> **WORK TO BE COMPLETED**
With the pictures omitted, transcribe each line below exactly as it is.

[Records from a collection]
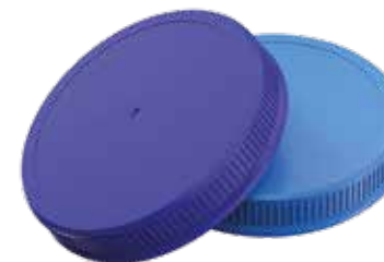
83mm Continuous Thread Cap
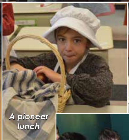
A pioneer lunch
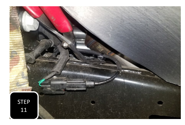
Step 11 Separate the 1 ABS guide clip at the upper control arm and the 2 on the frame behind the ABS plug by prying between each clip and the frame.
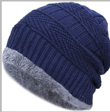
Mens Woolen Winter Cap
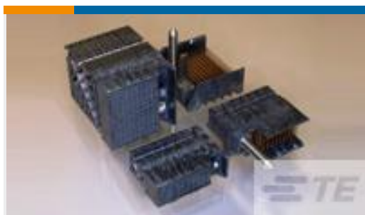
TE Part # 1-2132002-2 IMP100S,H,V6P14C,LG,REW46,4.9

> **WRITTEN ANSWER**
83mm Continuous Thread Cap
A pioneer lunch
Step 11 Separate the 1 ABS guide clip at the upper control arm and the 2 on the frame behind the ABS plug by prying between each clip and the frame.
Mens Woolen Winter Cap
TE Part # 1-2132002-2 IMP100S,H,V6P14C,LG,REW46,4.9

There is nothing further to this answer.